▶ **TASK**: Locate the line bearing "Figure 5 illustrates" in the material below, then reproduce it and each following line up to and including the line bearing "DVD neXt COPY".

▶ **MATERIAL FOR THIS EXERCISE**:
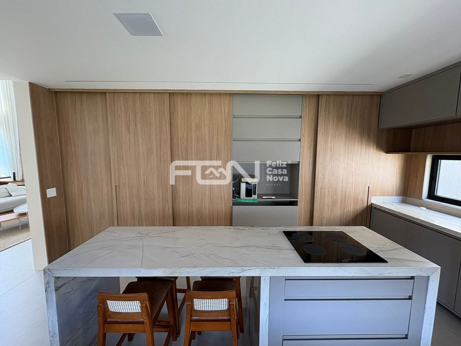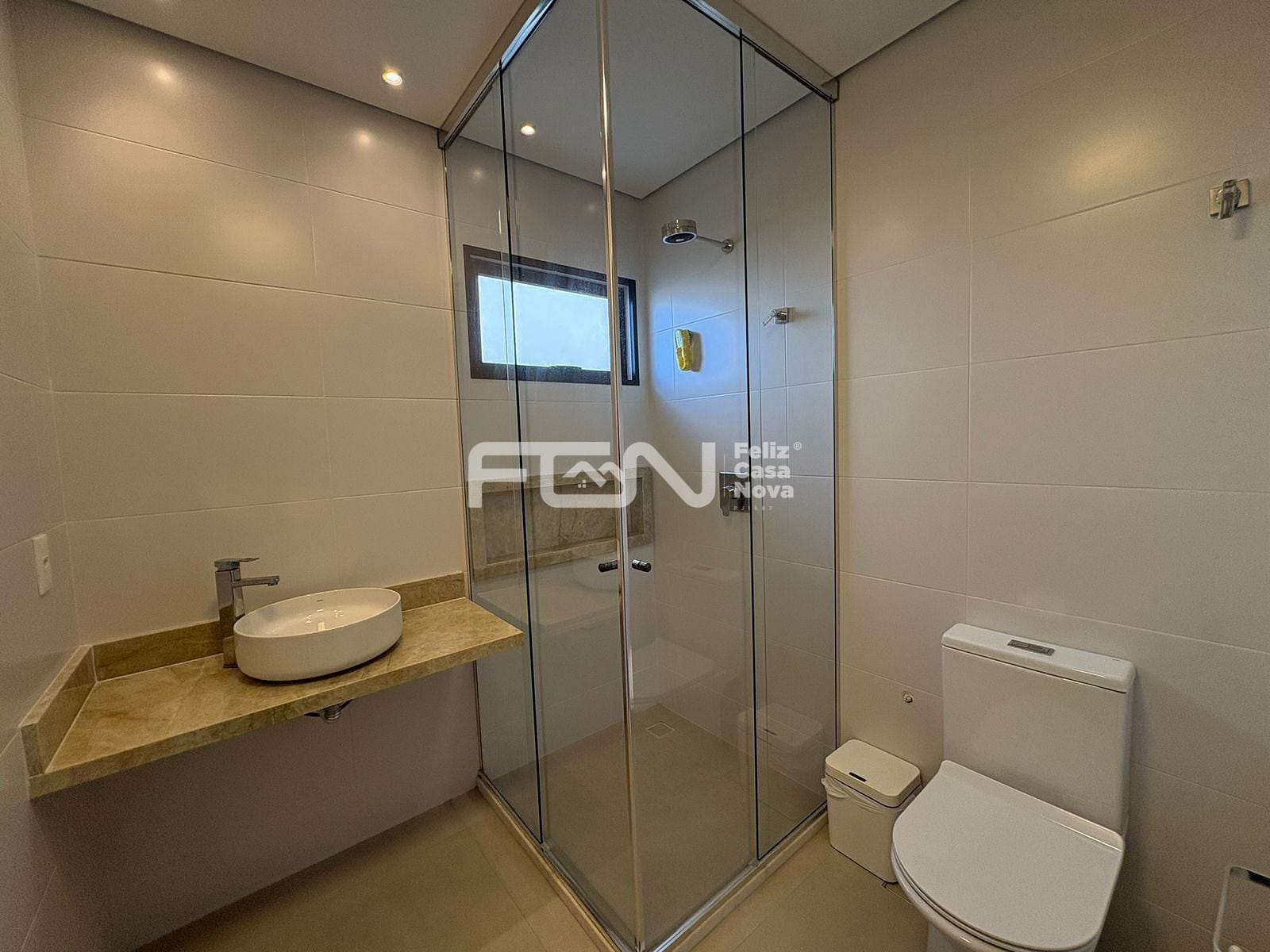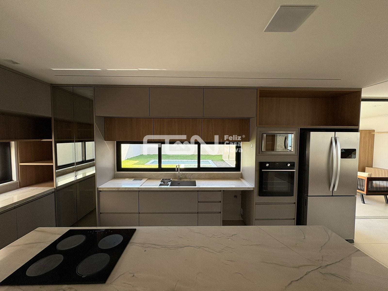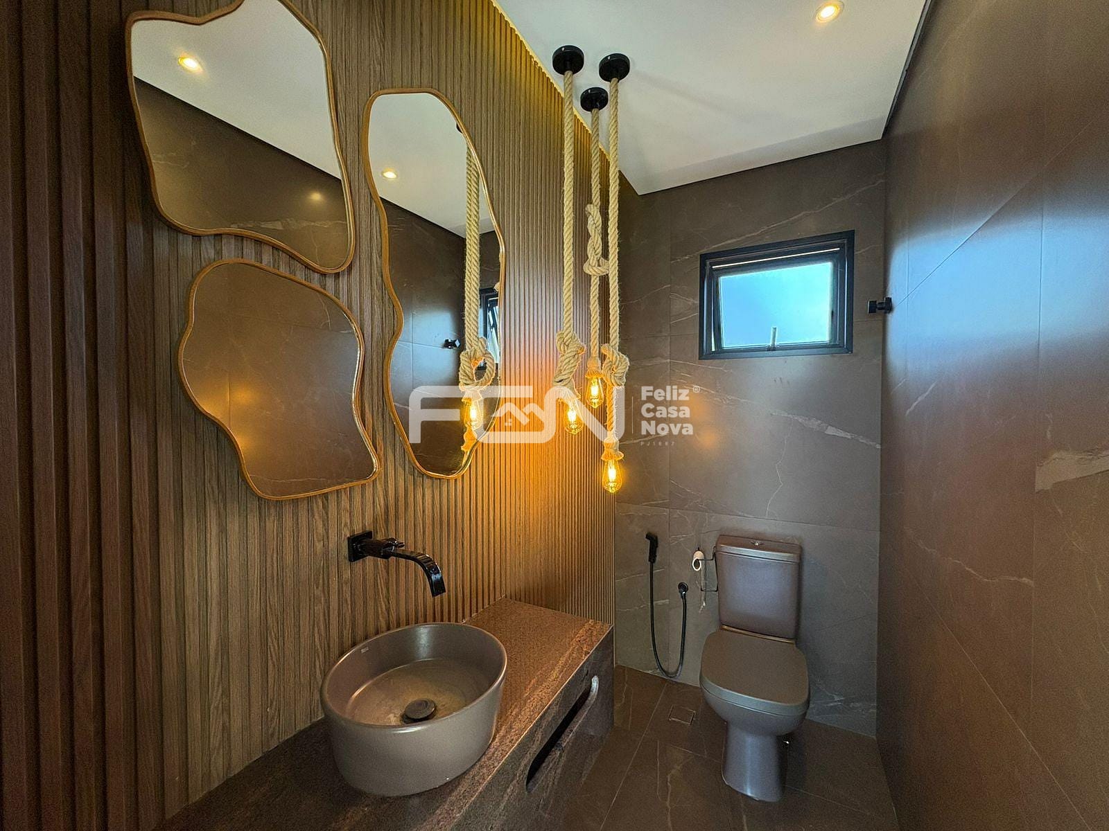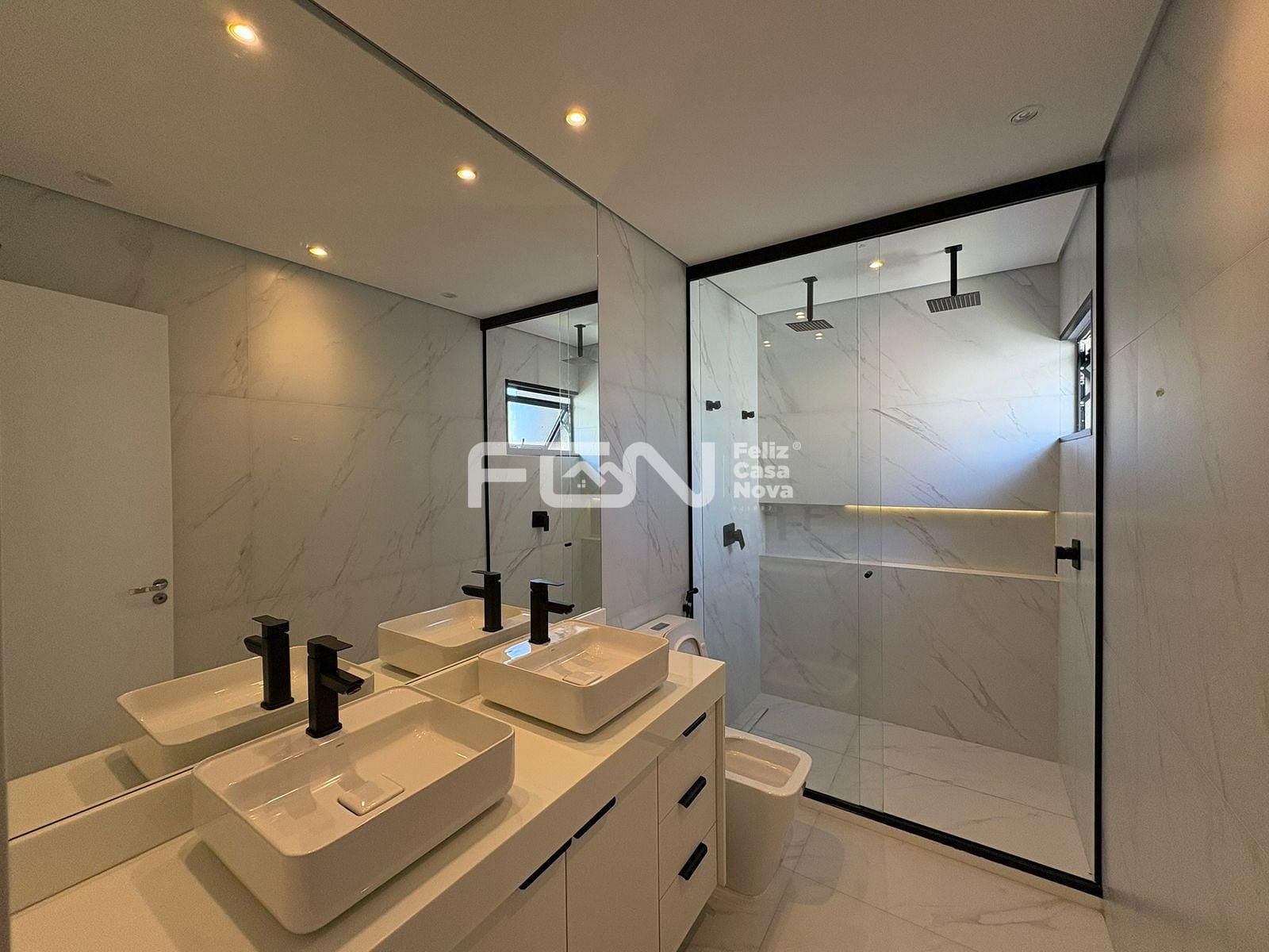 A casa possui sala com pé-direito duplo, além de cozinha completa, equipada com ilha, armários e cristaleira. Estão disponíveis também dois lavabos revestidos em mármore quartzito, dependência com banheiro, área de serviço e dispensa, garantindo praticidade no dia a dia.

* * *

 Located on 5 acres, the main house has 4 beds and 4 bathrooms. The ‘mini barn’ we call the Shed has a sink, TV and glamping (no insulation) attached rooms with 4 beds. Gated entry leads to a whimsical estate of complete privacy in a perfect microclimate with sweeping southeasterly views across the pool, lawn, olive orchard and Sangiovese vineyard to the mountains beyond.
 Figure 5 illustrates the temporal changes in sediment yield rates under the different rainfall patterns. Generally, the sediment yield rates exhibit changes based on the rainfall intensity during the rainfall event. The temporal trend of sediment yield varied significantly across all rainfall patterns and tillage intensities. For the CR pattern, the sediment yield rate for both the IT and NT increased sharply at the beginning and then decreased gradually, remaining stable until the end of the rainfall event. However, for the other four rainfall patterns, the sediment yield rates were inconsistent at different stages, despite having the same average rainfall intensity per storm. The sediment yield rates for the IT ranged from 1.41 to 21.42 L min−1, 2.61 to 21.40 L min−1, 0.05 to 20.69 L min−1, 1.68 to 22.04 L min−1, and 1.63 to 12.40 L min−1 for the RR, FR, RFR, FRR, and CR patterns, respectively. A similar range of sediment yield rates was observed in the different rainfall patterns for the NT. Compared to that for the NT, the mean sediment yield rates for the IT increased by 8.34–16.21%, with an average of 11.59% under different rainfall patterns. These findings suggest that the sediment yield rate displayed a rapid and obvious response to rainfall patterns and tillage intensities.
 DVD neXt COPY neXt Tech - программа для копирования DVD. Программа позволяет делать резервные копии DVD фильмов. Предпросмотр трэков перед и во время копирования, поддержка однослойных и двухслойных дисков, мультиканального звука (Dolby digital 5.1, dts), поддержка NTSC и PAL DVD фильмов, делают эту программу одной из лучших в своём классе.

▶ **COMPLETED EXERCISE**:
 Figure 5 illustrates the temporal changes in sediment yield rates under the different rainfall patterns. Generally, the sediment yield rates exhibit changes based on the rainfall intensity during the rainfall event. The temporal trend of sediment yield varied significantly across all rainfall patterns and tillage intensities. For the CR pattern, the sediment yield rate for both the IT and NT increased sharply at the beginning and then decreased gradually, remaining stable until the end of the rainfall event. However, for the other four rainfall patterns, the sediment yield rates were inconsistent at different stages, despite having the same average rainfall intensity per storm. The sediment yield rates for the IT ranged from 1.41 to 21.42 L min−1, 2.61 to 21.40 L min−1, 0.05 to 20.69 L min−1, 1.68 to 22.04 L min−1, and 1.63 to 12.40 L min−1 for the RR, FR, RFR, FRR, and CR patterns, respectively. A similar range of sediment yield rates was observed in the different rainfall patterns for the NT. Compared to that for the NT, the mean sediment yield rates for the IT increased by 8.34–16.21%, with an average of 11.59% under different rainfall patterns. These findings suggest that the sediment yield rate displayed a rapid and obvious response to rainfall patterns and tillage intensities.
 DVD neXt COPY neXt Tech - программа для копирования DVD. Программа позволяет делать резервные копии DVD фильмов. Предпросмотр трэков перед и во время копирования, поддержка однослойных и двухслойных дисков, мультиканального звука (Dolby digital 5.1, dts), поддержка NTSC и PAL DVD фильмов, делают эту программу одной из лучших в своём классе.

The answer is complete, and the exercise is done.